Mr Jonathan Moffe, counsel for Wales Air Ambulance charity, said: “If recommendation one is implemented, the air ambulance will get to more patients, particularly in mid and north Wales, and save more lives. If it is not there will be people that cannot be reached and lives will be lost.”
Mr Moffe said generally the charity did not interfere in the decision-making process but it became increasingly concerned about delays. He said there were calls to people not to donate to the charity and staff had been subject to abuse.
“The charity’s key concern was about saving lives and it was also concerned about protecting the charity and its ability to raise funds because they fund two thirds of its costs. The concern about generating funding is again a concern about providing the service that saves lives,” Mr Moffe said.
He said delaying the decision would have delayed preparatory work in establishing a new base and he said the charity is now coming very close to having to take irrevocable steps for preparing the new base and closing Welshpool and Caernarfon bases, which would be costly to reverse.
Mr Moffe said: “In essence, the delays cost lives.”

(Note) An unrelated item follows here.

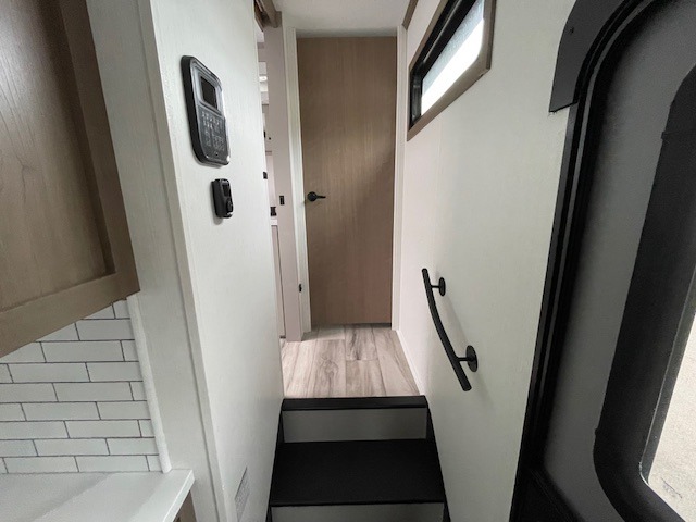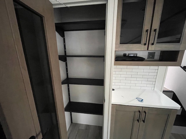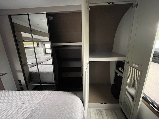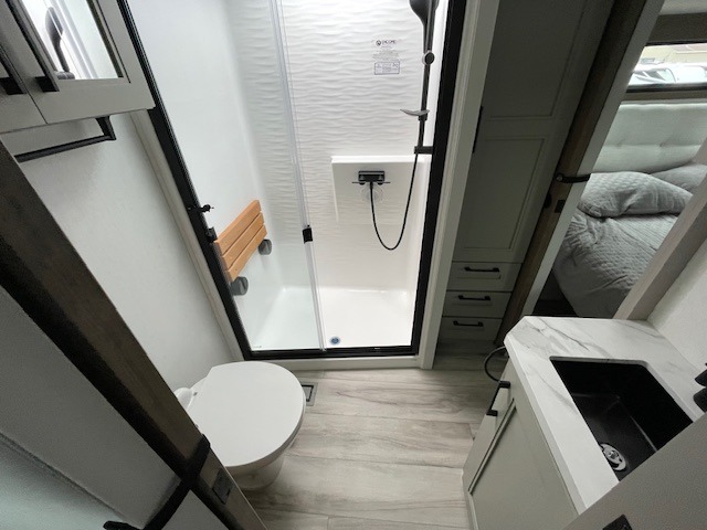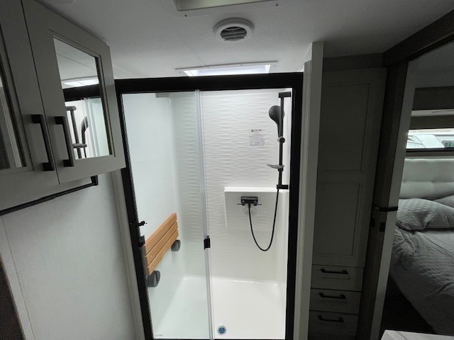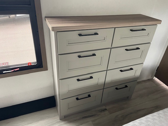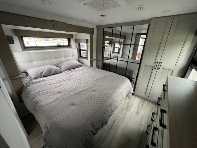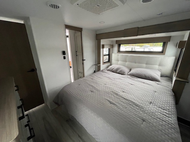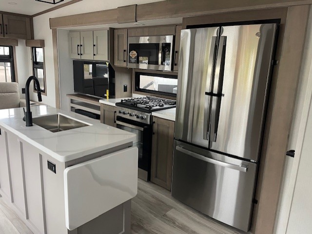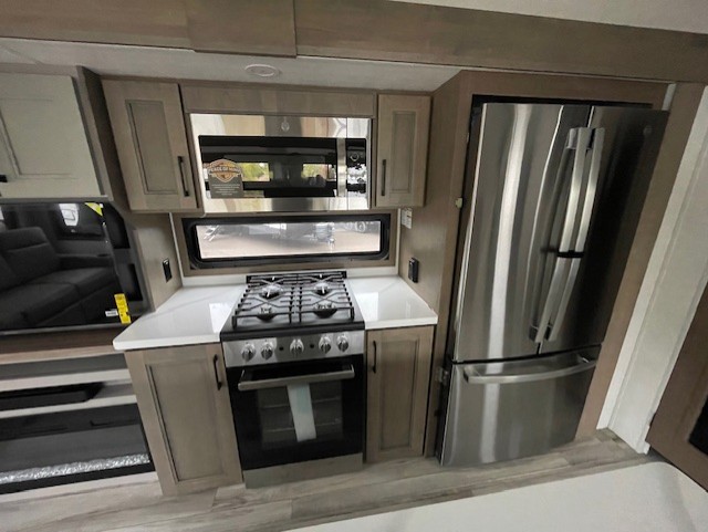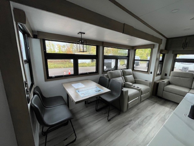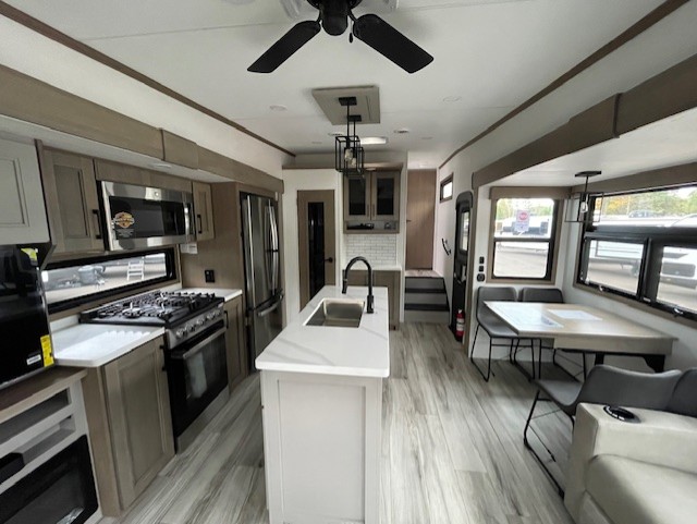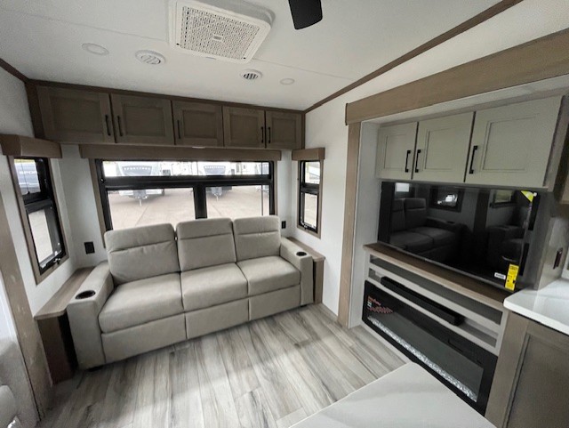Start camping in luxury with this fifth wheel! The front private bedroom has a king bed slide which can be switched for an optional queen instead, a dresser, and a front wardrobe with washer and dryer prep. Start each morning feeling clean and fresh after showering in the 48" x 30" residential shower with a seat in the full bathroom. The kitchen has an island ideal for enjoying your morning coffee while reading the newspaper and socializing with the chef whipping up some scrambled eggs on the four burner range. The hutch can store your dishes, the pantry can store your canned goods, and the 18 cu. ft. refrigerator will keep your perishables fresh. If mother nature is raining on your parade then read a book on the rear hide-a-bed sofa or relax in the theater seating which has USB charging. And the entertainment center with a fireplace and 43" smart LED TV will keep you entertained!

Ms Joanne Clements KC for the claimants responded to the defence’s claims, covering the timing of key decisions to close the base, that there were no statements in the documents from EMERTS staff although their mixed views of the proposals were broadly covered, there was not enough information about the bespoke rapid response service.
She said the defence’s claim that it was not available because it’s a service still being developed was irrational.
Ms Clements said: “The campaign group would be horrified that the consultation document is as flawed as it obviously was.”
She said the JCC had ‘rushed through the third consultation when it suited them but now they say a fresh consultation would take six to nine months'.
“They are months behind in deciding what recommendation four will consist of and they said they would not implement recommendation one, the closure of the bases and the move to Rhuddlan, until recommendation four was ready. They have said there will be a 12-week consultation on recommendation four anyway,” she added, saying any delays were down to the defendants themselves.